Task directions
Without including any images, set down the records below exactly.

***

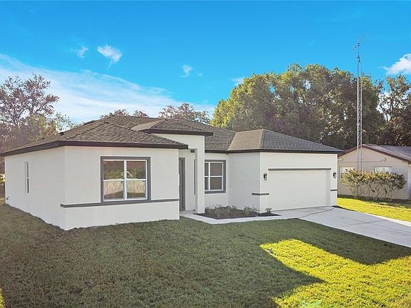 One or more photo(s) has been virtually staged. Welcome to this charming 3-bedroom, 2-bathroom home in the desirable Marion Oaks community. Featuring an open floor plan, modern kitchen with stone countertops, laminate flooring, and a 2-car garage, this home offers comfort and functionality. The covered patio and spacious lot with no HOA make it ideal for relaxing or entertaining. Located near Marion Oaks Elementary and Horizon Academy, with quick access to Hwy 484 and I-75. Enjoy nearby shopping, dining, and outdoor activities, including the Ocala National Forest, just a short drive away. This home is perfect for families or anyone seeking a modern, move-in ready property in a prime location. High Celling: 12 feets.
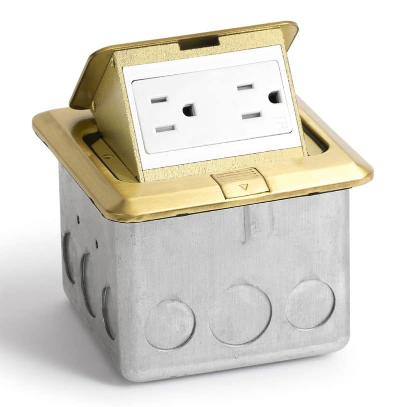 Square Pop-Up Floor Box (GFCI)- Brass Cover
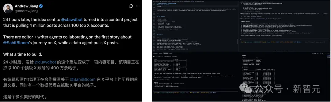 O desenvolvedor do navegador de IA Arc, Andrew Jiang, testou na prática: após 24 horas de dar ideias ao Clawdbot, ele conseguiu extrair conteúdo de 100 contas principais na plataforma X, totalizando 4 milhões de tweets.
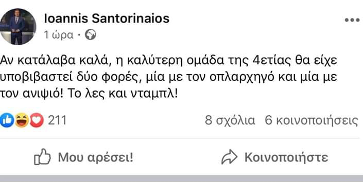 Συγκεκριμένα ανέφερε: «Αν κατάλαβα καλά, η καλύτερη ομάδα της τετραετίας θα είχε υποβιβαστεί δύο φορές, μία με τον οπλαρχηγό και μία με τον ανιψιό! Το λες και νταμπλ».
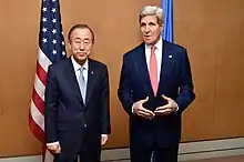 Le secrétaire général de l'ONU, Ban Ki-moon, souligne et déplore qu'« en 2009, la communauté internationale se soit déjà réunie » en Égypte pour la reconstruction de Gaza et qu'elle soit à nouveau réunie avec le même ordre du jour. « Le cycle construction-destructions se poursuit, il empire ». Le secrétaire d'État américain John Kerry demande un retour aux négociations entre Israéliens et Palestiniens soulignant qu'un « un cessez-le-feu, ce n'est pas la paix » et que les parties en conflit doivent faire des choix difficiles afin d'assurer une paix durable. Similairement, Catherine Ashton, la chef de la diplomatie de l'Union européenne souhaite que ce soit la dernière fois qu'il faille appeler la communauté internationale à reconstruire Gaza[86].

***

Response
 One or more photo(s) has been virtually staged. Welcome to this charming 3-bedroom, 2-bathroom home in the desirable Marion Oaks community. Featuring an open floor plan, modern kitchen with stone countertops, laminate flooring, and a 2-car garage, this home offers comfort and functionality. The covered patio and spacious lot with no HOA make it ideal for relaxing or entertaining. Located near Marion Oaks Elementary and Horizon Academy, with quick access to Hwy 484 and I-75. Enjoy nearby shopping, dining, and outdoor activities, including the Ocala National Forest, just a short drive away. This home is perfect for families or anyone seeking a modern, move-in ready property in a prime location. High Celling: 12 feets.
 Square Pop-Up Floor Box (GFCI)- Brass Cover
 O desenvolvedor do navegador de IA Arc, Andrew Jiang, testou na prática: após 24 horas de dar ideias ao Clawdbot, ele conseguiu extrair conteúdo de 100 contas principais na plataforma X, totalizando 4 milhões de tweets.
 Συγκεκριμένα ανέφερε: «Αν κατάλαβα καλά, η καλύτερη ομάδα της τετραετίας θα είχε υποβιβαστεί δύο φορές, μία με τον οπλαρχηγό και μία με τον ανιψιό! Το λες και νταμπλ».
 Le secrétaire général de l'ONU, Ban Ki-moon, souligne et déplore qu'« en 2009, la communauté internationale se soit déjà réunie » en Égypte pour la reconstruction de Gaza et qu'elle soit à nouveau réunie avec le même ordre du jour. « Le cycle construction-destructions se poursuit, il empire ». Le secrétaire d'État américain John Kerry demande un retour aux négociations entre Israéliens et Palestiniens soulignant qu'un « un cessez-le-feu, ce n'est pas la paix » et que les parties en conflit doivent faire des choix difficiles afin d'assurer une paix durable. Similairement, Catherine Ashton, la chef de la diplomatie de l'Union européenne souhaite que ce soit la dernière fois qu'il faille appeler la communauté internationale à reconstruire Gaza[86].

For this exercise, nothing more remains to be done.